Вот так я будучи историком все время отматывал назад, назад — где же начало этой «спецоперации»? Вспомнились там, конечно, и особые отделы при Петре Первом, а потом опричнина, ведь слово опричнина это тоже опричь закона, опричь всех, как бы вне того, что находится в рамках принятых постановлений в государстве. Мне кажется, что я так добрел до одной из первых, наверное, спецопераций, зафиксированных на памяти человечества, это «спецоперация» Каина против Авеля. Вот это была спецоперация, которая, к сожалению, повторяется в течение все этих веков и как-то нам надо, все-таки, преодолевать эту инерцию всем миром.
— А вот почему в преодолении этой «спецоперации», после завершения Великой Отечественной, Второй мировой, которая, казалось бы, должна была дать прививку от дурного примера, мы не воспользовались шансом вместе со своей страной, вместе со своими руководителями и допустили все это? Ведь был великий отечественный кинематограф, советский кинематограф, который, казалось бы, эту прививку нам всем сделал. У вас есть ответ на этот вопрос?

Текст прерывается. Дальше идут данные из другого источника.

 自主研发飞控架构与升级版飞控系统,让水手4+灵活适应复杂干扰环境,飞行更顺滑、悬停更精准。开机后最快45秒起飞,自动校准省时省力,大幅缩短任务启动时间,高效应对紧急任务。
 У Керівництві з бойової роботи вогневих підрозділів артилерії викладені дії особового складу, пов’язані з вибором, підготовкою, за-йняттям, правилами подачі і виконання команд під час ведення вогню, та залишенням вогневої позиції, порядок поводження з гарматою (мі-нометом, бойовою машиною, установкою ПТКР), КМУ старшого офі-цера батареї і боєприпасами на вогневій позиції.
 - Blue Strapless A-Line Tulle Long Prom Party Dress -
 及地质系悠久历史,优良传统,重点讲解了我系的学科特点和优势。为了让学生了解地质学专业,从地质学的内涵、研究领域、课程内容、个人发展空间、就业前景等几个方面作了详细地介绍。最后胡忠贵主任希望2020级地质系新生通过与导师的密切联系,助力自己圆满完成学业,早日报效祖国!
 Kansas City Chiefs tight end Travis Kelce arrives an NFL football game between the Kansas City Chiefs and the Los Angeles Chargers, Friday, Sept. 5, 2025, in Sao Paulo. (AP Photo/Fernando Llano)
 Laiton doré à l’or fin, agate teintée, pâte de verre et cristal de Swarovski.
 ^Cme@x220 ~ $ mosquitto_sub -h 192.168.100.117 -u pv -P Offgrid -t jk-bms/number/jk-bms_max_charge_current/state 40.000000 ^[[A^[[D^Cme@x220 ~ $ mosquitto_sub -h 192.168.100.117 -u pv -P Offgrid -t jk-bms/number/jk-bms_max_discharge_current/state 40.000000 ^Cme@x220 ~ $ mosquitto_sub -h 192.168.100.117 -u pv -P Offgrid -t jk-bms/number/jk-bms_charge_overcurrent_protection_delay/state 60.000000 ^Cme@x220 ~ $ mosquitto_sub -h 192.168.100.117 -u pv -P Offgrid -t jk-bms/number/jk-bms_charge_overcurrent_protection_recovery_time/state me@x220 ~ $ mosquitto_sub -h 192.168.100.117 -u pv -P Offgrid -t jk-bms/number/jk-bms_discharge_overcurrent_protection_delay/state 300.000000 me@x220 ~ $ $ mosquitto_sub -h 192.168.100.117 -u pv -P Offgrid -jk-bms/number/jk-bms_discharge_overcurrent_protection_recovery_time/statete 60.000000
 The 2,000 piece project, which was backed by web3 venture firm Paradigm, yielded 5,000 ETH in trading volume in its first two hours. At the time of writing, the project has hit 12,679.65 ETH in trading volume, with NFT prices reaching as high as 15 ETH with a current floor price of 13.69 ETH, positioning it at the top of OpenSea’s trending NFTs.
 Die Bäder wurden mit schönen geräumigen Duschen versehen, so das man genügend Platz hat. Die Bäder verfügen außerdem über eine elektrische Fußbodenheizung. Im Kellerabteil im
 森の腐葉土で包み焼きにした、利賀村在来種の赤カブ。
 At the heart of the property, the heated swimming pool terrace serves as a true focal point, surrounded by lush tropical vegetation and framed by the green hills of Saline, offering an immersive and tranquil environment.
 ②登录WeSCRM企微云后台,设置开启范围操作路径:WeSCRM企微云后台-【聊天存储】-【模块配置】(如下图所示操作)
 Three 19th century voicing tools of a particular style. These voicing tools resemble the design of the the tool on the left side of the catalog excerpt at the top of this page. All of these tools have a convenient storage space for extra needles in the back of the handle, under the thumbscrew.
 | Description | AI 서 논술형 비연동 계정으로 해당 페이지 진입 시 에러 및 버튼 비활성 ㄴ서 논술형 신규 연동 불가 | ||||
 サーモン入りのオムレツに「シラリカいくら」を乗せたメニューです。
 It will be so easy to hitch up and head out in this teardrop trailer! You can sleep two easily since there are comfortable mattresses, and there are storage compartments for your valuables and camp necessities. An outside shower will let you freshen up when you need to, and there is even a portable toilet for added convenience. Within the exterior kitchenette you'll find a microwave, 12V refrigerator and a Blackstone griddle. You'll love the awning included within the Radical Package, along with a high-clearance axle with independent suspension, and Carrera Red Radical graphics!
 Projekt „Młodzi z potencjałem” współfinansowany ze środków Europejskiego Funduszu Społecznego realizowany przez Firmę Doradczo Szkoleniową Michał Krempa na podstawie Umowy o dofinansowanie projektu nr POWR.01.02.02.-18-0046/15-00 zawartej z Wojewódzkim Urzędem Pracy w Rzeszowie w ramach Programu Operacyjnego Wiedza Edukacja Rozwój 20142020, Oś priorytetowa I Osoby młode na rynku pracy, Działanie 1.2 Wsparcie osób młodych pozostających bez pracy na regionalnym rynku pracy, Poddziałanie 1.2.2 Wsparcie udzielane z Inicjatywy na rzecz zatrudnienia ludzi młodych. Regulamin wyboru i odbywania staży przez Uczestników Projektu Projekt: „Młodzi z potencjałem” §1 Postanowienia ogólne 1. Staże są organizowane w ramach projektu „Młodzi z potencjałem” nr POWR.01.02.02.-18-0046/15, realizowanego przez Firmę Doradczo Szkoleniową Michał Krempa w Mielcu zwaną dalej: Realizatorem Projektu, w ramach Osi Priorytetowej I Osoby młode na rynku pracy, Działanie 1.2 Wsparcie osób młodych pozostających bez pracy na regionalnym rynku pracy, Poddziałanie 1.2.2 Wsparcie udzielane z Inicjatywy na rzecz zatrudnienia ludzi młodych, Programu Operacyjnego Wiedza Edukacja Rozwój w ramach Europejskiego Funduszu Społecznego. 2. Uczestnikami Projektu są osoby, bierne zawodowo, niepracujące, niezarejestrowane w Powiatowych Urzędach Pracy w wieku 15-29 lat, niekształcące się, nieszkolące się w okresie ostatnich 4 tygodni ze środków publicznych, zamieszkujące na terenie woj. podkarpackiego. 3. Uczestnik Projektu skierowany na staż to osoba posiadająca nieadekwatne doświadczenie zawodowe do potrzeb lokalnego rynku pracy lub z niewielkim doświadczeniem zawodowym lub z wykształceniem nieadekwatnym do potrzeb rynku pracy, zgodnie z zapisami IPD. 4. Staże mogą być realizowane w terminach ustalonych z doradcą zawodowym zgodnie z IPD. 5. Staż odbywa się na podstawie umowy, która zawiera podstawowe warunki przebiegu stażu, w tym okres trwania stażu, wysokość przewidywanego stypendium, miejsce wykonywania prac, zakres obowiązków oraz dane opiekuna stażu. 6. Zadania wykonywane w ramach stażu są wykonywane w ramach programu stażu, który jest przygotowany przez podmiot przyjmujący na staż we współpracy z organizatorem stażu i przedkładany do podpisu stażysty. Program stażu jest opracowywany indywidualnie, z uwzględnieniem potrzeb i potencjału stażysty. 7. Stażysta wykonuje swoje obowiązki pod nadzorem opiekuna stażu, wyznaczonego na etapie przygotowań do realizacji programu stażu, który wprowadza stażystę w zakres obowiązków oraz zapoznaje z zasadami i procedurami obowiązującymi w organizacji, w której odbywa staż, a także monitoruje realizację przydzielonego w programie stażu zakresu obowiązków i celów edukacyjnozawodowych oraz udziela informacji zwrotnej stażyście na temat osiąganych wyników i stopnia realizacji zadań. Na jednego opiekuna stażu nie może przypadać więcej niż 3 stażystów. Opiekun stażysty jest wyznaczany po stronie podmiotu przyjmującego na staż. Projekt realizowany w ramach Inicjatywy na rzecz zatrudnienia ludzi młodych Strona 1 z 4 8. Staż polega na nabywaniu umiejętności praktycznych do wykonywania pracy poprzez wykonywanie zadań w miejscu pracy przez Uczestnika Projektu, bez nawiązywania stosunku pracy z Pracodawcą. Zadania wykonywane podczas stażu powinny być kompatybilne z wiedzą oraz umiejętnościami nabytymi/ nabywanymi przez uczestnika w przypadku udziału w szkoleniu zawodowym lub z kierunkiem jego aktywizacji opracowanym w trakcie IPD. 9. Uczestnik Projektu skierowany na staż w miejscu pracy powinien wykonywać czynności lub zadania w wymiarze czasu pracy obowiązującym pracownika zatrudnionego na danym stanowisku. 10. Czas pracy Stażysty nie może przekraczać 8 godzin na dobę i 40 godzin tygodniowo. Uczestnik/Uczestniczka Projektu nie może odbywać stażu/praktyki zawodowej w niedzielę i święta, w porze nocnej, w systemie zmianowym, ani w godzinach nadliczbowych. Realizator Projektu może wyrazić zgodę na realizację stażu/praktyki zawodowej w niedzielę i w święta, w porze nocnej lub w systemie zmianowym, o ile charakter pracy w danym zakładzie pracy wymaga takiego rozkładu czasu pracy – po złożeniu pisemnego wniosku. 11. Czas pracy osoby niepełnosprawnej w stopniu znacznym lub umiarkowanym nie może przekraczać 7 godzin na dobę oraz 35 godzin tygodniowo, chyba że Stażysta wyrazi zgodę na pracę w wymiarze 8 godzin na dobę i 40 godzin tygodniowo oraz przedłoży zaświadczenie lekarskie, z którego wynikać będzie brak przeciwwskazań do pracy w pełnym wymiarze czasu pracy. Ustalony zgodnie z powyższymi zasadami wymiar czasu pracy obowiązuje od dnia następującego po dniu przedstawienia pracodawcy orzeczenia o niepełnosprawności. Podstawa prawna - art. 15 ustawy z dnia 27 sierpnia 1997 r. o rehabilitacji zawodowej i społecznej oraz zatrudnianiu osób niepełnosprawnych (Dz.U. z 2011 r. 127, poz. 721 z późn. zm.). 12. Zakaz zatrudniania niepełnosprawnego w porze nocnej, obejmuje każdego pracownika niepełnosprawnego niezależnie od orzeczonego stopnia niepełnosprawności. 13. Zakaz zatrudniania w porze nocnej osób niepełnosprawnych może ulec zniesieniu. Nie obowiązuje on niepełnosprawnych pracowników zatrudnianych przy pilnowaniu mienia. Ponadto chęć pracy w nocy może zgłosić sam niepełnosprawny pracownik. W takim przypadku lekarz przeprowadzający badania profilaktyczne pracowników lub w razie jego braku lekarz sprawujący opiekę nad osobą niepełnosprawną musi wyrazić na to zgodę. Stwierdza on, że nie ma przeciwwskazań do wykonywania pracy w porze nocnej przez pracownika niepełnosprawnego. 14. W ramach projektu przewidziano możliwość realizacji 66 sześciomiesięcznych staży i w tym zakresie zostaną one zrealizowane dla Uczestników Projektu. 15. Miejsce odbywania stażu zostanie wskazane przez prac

— Я думаю, на такие вопросы отвечает следующая эпоха, обычно современники с трудом могут объяснить, почему. Вопрос почему — это очень многосоставный вопрос и я думаю, что эта прививка не сработала не только у нас в стране. Если вы позволите, я вам расскажу историю, которая показывает насколько эта бацилла проникла в сознание людей разных стран. Вот в частности то, что сейчас происходит в очень многих странах по отношению к нашему искусству, в частности, к нашей культуре. Почему-то пропаганда называет это русофобией — это не русофобия, это вообще удивительно, когда вдруг стали отменяться семинары по Достоевскому в некоторых университетах.
Вот я получил такое письмо из Европейской академии кино, членом которой я являюсь, какой-то секретарь правления направил мне такой вопрос: мы получили требование от одного из членов нашей академии — у нас творческое наследство Эйзенштейна, комплекс мемориальный, который получил наряду с Бергманом, наряду с Тонино Гуэрра, с братьями Люмьер, изобретателями кинематографа, титул сокровищницы европейской культуры, и в этом никто не сомневался — и вдруг этот человек, мне не названный, потребовал, чтобы наследство Эйзенштейна лишили этого титула, потому что, как там написано, этот комплекс находится на содержании государства и находится в нескольких шагах от Кремля.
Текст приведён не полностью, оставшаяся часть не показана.